YOUR INSTRUCTIONS: Copy out every record below exactly as written, but leave out any pictures.
(SUPPLIED DATA begins)
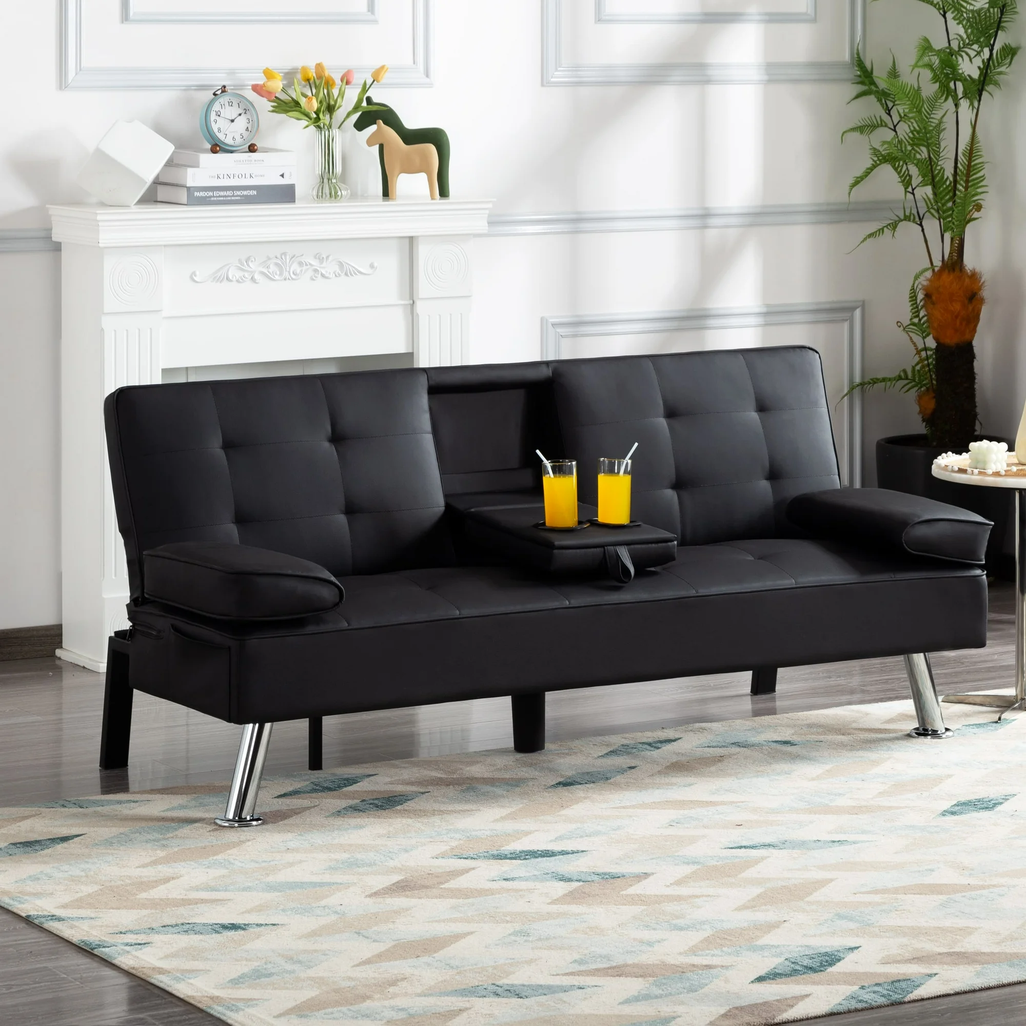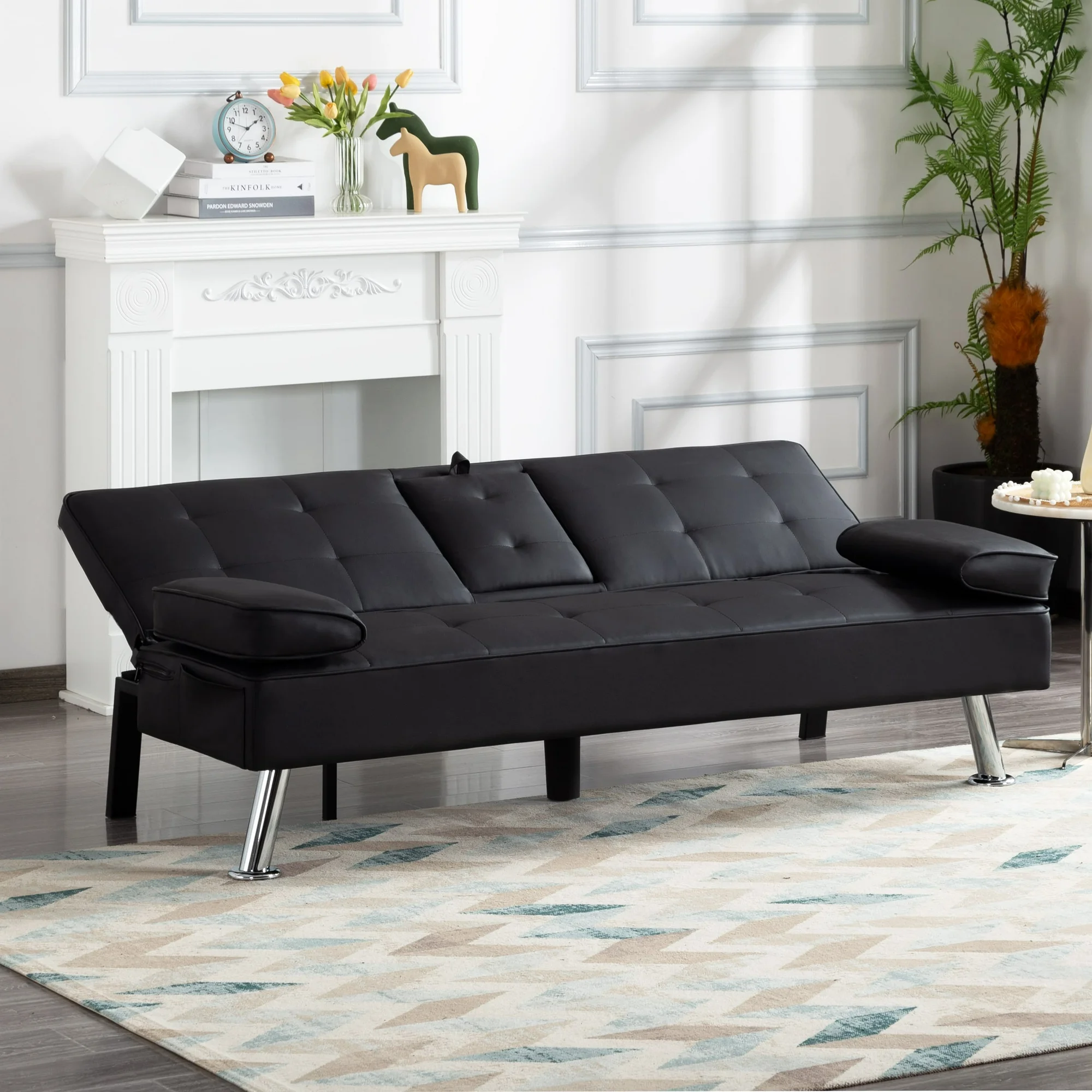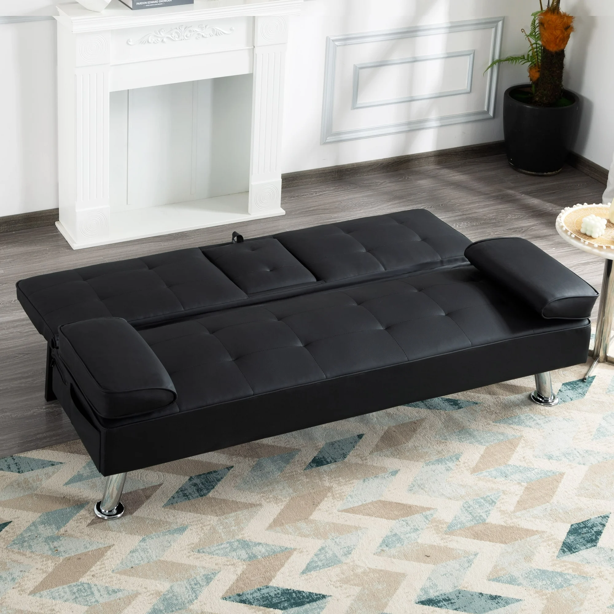 BSHTI Futon Convertible Sleeper Sofa Bed,With 3-Position Adjustable Backrest,Upholstered in PU Fabric,a Side Storage Pocket,Twin-Size Sleeper Sofa,Black
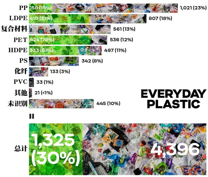 如果按照塑料種類來說,這些塑料垃圾一半以上為PP(如意大利面包裝袋)、LDPE(如吐司面包包裝袋)和復合塑料(如薯片包裝袋)。而PET(如飲料瓶)和HDPE(如牛奶桶)這兩種英國體系中最容易被回收利用的塑料的占比卻不到四分之一。
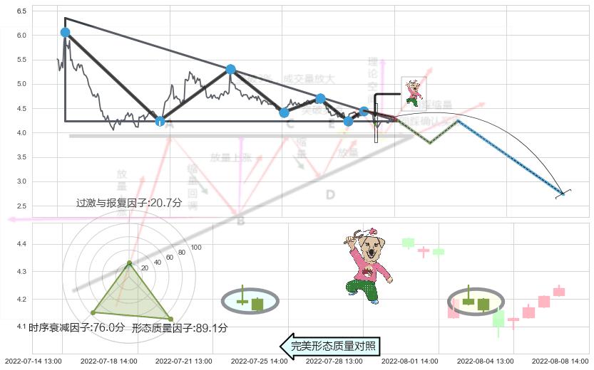 2022-06-14: 时域附近第一阻力位4.60持续的对下跌趋势进行阻拦,有效地放缓了下跌的速度。
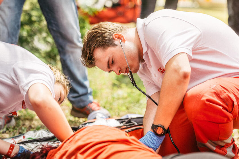 Gemeinsam mit Rettungshelferinnen und Rettungshelfern sowie Rettungssanitäterinnen und Rettungssanitätern übernimmst du die Erstversorgung. Dein Einsatz reicht von kleineren Verletzungen wie Schürfwunden bis hin zur Unterstützung bei Kreislaufproblemen oder anderen medizinischen Notfällen.
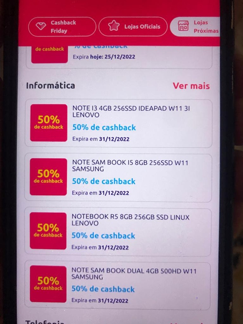 50% de ame, mas na loja o notebook custa o dobro do valor do site/app.
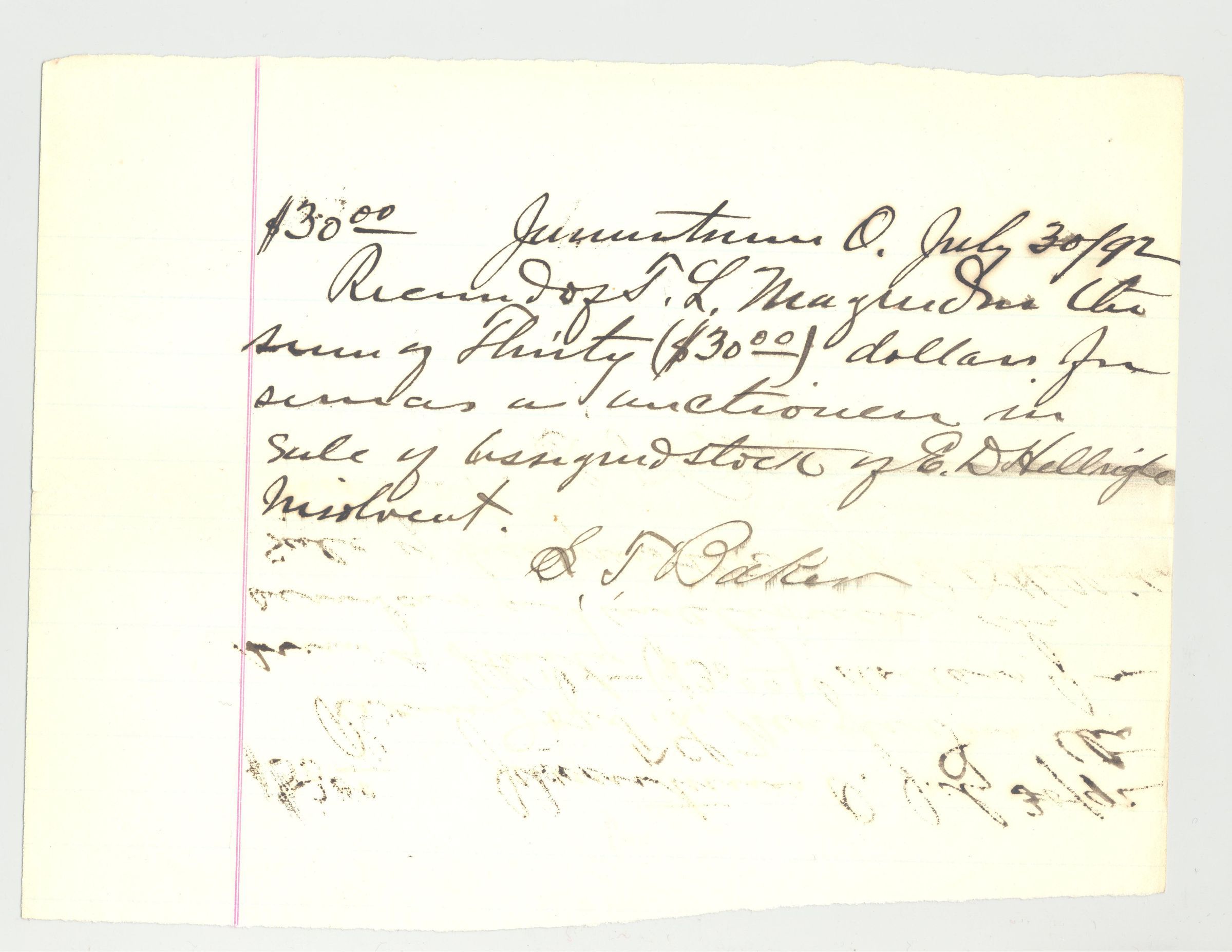 REC, 1892, $30 FOR SERVICES AS AUCTIONEER. SIGNED BAKER.
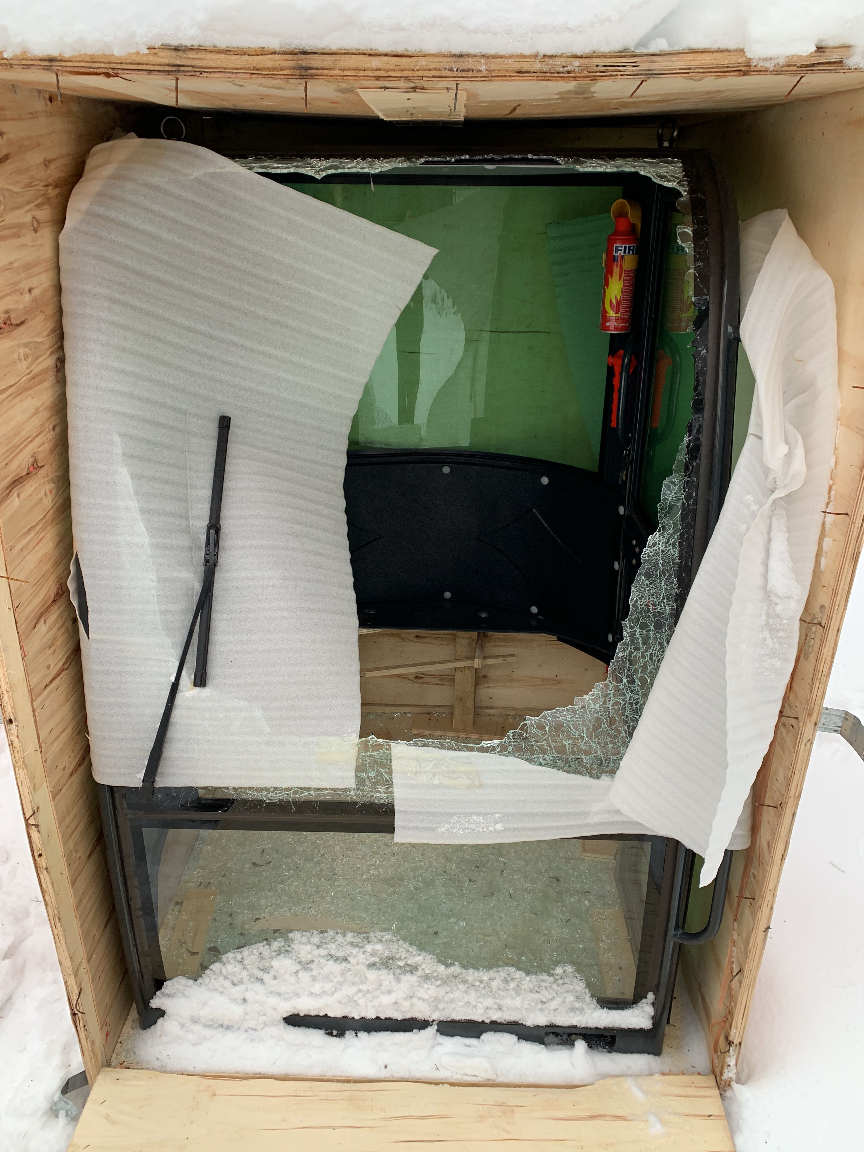 Cab not fitted due to broken windscreen on delivery.
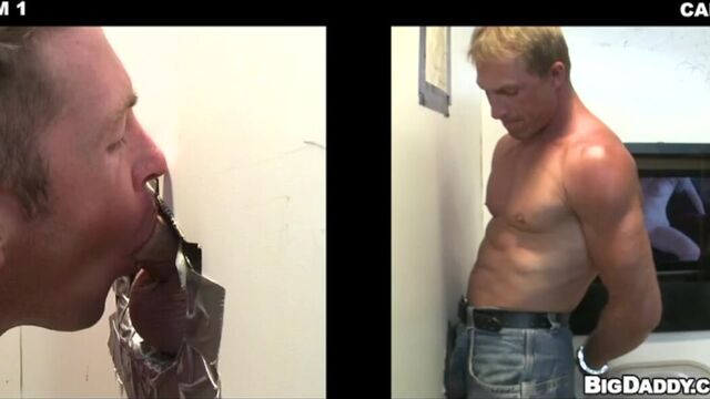 Today my buddy Troy keep telling that he would love to experience the glory hole atleast once in his life. So today just happens to be his lucky day. He jumps right into and pulls his cock out to get service. Lets just say that he was totally amazed, especially when the guy came over to fuck him nice, lol
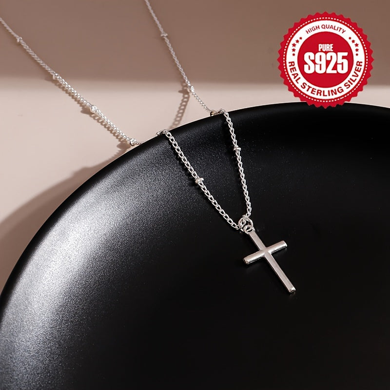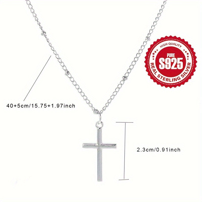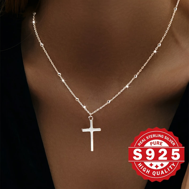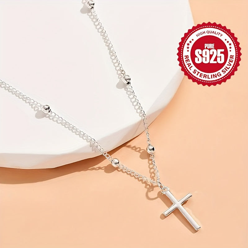 925 Silver Cross Bead Necklace for Women Light Low Allergy 3 4g
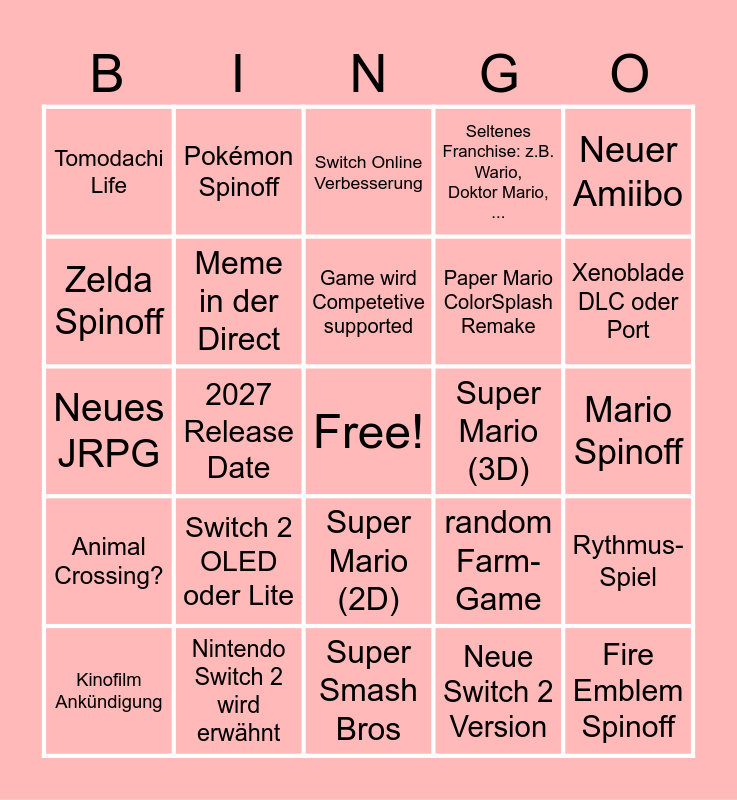 This bingo card has a free space and 24 words: Switch 2 OLED oder Lite, Nintendo Switch 2 wird erwähnt, Game wird Competetive supported, Kinofilm Ankündigung, Neuer Amiibo, Tomodachi Life, Zelda Spinoff, Pokémon Spinoff, Super Mario (3D), Super Mario (2D), Paper Mario ColorSplash Remake, Neues JRPG, random Farm-Game, Rythmus-Spiel, Meme in der Direct, Neue Switch 2 Version, Mario Spinoff, Switch Online Verbesserung, Xenoblade DLC oder Port, 2027 Release Date, Fire Emblem Spinoff, Animal Crossing?, Seltenes Franchise: z.B. Wario, Doktor Mario, ... and Super Smash Bros.
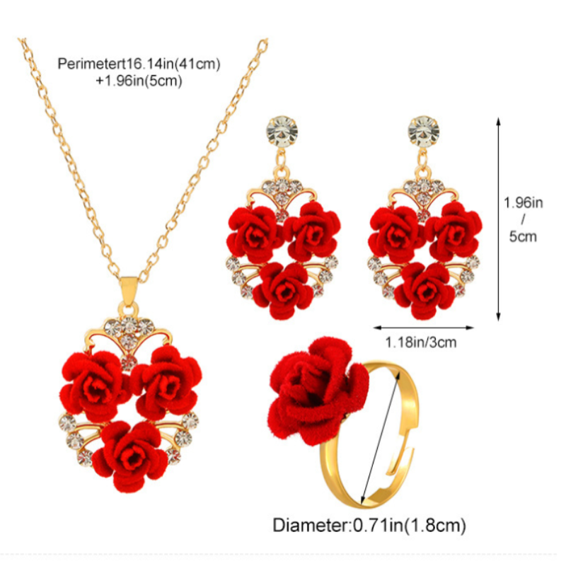 4Pcs/Set Romantic Lovely Red Rose Flower Inlaid Rhinestone Pendant Necklaces+Dangle Earrings+Ringfor Women Valentine's Day Gift Necklaces & Pendants
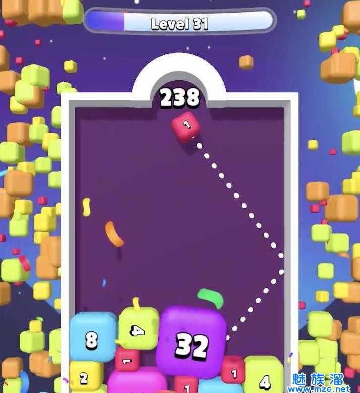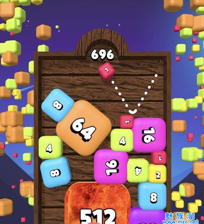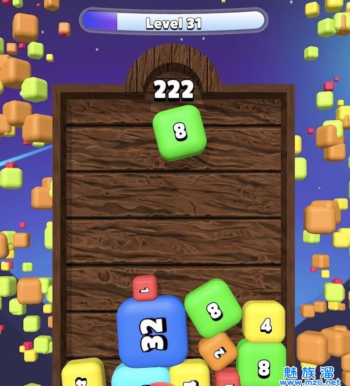 3、合成的数字越大方块的体积就会越大,当你的场景放不下方块时就会闯关失败。
(SUPPLIED DATA ends)
REPLY TO THE TASK:
 BSHTI Futon Convertible Sleeper Sofa Bed,With 3-Position Adjustable Backrest,Upholstered in PU Fabric,a Side Storage Pocket,Twin-Size Sleeper Sofa,Black
 如果按照塑料種類來說,這些塑料垃圾一半以上為PP(如意大利面包裝袋)、LDPE(如吐司面包包裝袋)和復合塑料(如薯片包裝袋)。而PET(如飲料瓶)和HDPE(如牛奶桶)這兩種英國體系中最容易被回收利用的塑料的占比卻不到四分之一。
 2022-06-14: 时域附近第一阻力位4.60持续的对下跌趋势进行阻拦,有效地放缓了下跌的速度。
 Gemeinsam mit Rettungshelferinnen und Rettungshelfern sowie Rettungssanitäterinnen und Rettungssanitätern übernimmst du die Erstversorgung. Dein Einsatz reicht von kleineren Verletzungen wie Schürfwunden bis hin zur Unterstützung bei Kreislaufproblemen oder anderen medizinischen Notfällen.
 50% de ame, mas na loja o notebook custa o dobro do valor do site/app.
 REC, 1892, $30 FOR SERVICES AS AUCTIONEER. SIGNED BAKER.
 Cab not fitted due to broken windscreen on delivery.
 Today my buddy Troy keep telling that he would love to experience the glory hole atleast once in his life. So today just happens to be his lucky day. He jumps right into and pulls his cock out to get service. Lets just say that he was totally amazed, especially when the guy came over to fuck him nice, lol
 925 Silver Cross Bead Necklace for Women Light Low Allergy 3 4g
 This bingo card has a free space and 24 words: Switch 2 OLED oder Lite, Nintendo Switch 2 wird erwähnt, Game wird Competetive supported, Kinofilm Ankündigung, Neuer Amiibo, Tomodachi Life, Zelda Spinoff, Pokémon Spinoff, Super Mario (3D), Super Mario (2D), Paper Mario ColorSplash Remake, Neues JRPG, random Farm-Game, Rythmus-Spiel, Meme in der Direct, Neue Switch 2 Version, Mario Spinoff, Switch Online Verbesserung, Xenoblade DLC oder Port, 2027 Release Date, Fire Emblem Spinoff, Animal Crossing?, Seltenes Franchise: z.B. Wario, Doktor Mario, ... and Super Smash Bros.
 4Pcs/Set Romantic Lovely Red Rose Flower Inlaid Rhinestone Pendant Necklaces+Dangle Earrings+Ringfor Women Valentine's Day Gift Necklaces & Pendants
 3、合成的数字越大方块的体积就会越大,当你的场景放不下方块时就会闯关失败。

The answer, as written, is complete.